◆ **YOUR OBJECTIVE**: Pictures must be dropped from the copy of the entries below; all else is returned exactly.

#### SUPPLIED DATA ####

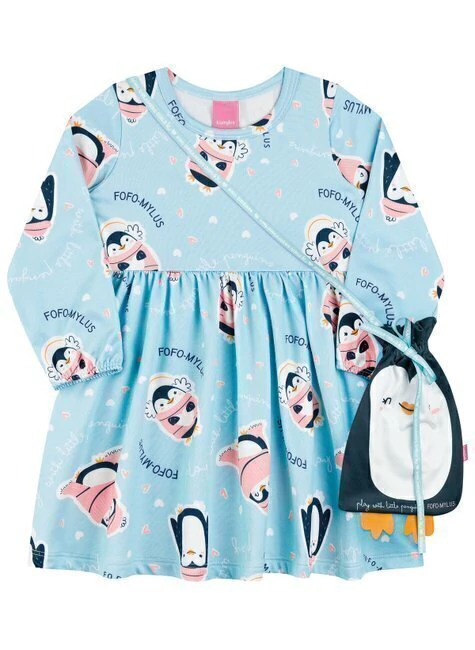 O vestido com estampa de pinguins vem acompanhado de uma charmosa bolsinha temática que vai encantar as pequenas. O modelo tem manga longa, cintura levemente marcada e saia com caimento soltinho. Acompanha uma bolsinha de ombro em formato de pinguim super divertida, feita em tecido com aplicação de patinhas e rostinho bordado.
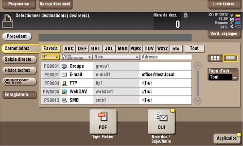 Si le nombre de destinations enregistré est important, vous pouvez rechercher une destination par nom d'enregistrement ou destination (adresse e-mail ou nom PC).
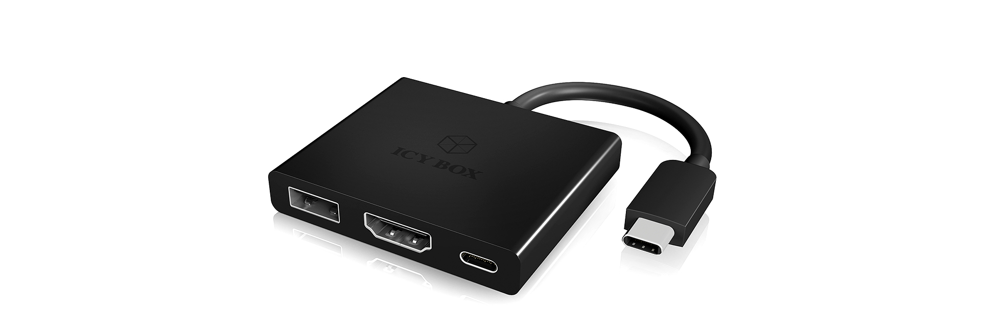 ICY BOX IB-DK4031-CPD. Основной интерфейс: USB 3.0 (3.1 Gen 1) Type-C, типы подключения хаба: HDMI, USB 2.0, USB 3.1 (3.1 Gen 2) Type-C. Тип источника питания: USB. Цвет товара: Черный, Материал: ABS синтетика. Поддерживаемые операционные системы Windows: Windows 10 Education, Windows 10 Education x64, Windows 10 Enterprise, Windows 10 Enterprise x64, Wi, Поддерживаемые операционные системы Mac: Mac OS X 10.11 El Capitan. Ширина: 50 мм, Глубина: 58 мм, Высота: 10 мм
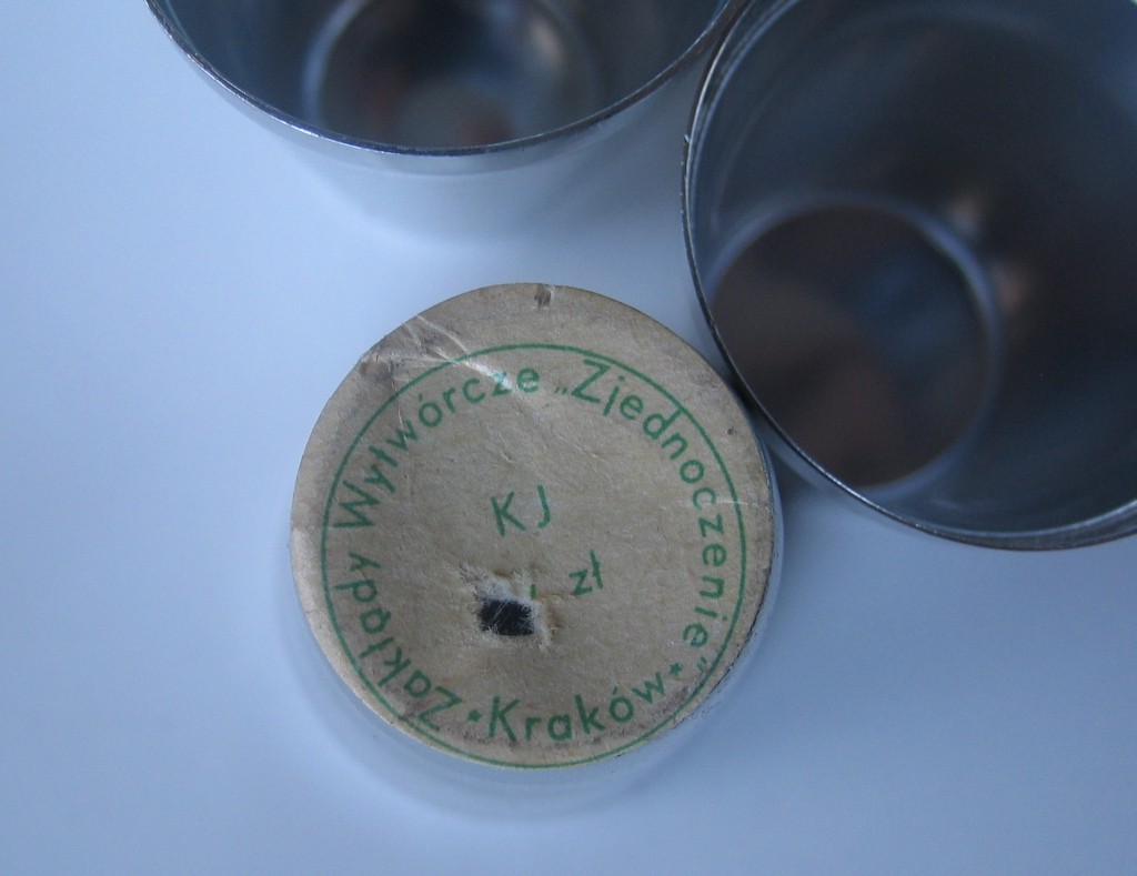 Pierwsze (dwie sztuki) z napisami i buteleczkami. Na nich zresztą też widoczny napis: Vodka Wyborowa. Poza tym „imported from Poland”, czyli były sprzedawane za granicą. Zresztą o luksusie świadczy pozłacany rant.
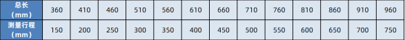 圖3: 緊湊型增量式直線時(shí)柵位移傳感器標(biāo)準(zhǔn)可選測量行程與尺寸對(duì)照表

####

◆ **RESULT FOR THIS EXERCISE**:
 O vestido com estampa de pinguins vem acompanhado de uma charmosa bolsinha temática que vai encantar as pequenas. O modelo tem manga longa, cintura levemente marcada e saia com caimento soltinho. Acompanha uma bolsinha de ombro em formato de pinguim super divertida, feita em tecido com aplicação de patinhas e rostinho bordado.
 Si le nombre de destinations enregistré est important, vous pouvez rechercher une destination par nom d'enregistrement ou destination (adresse e-mail ou nom PC).
 ICY BOX IB-DK4031-CPD. Основной интерфейс: USB 3.0 (3.1 Gen 1) Type-C, типы подключения хаба: HDMI, USB 2.0, USB 3.1 (3.1 Gen 2) Type-C. Тип источника питания: USB. Цвет товара: Черный, Материал: ABS синтетика. Поддерживаемые операционные системы Windows: Windows 10 Education, Windows 10 Education x64, Windows 10 Enterprise, Windows 10 Enterprise x64, Wi, Поддерживаемые операционные системы Mac: Mac OS X 10.11 El Capitan. Ширина: 50 мм, Глубина: 58 мм, Высота: 10 мм
 Pierwsze (dwie sztuki) z napisami i buteleczkami. Na nich zresztą też widoczny napis: Vodka Wyborowa. Poza tym „imported from Poland”, czyli były sprzedawane za granicą. Zresztą o luksusie świadczy pozłacany rant.
 圖3: 緊湊型增量式直線時(shí)柵位移傳感器標(biāo)準(zhǔn)可選測量行程與尺寸對(duì)照表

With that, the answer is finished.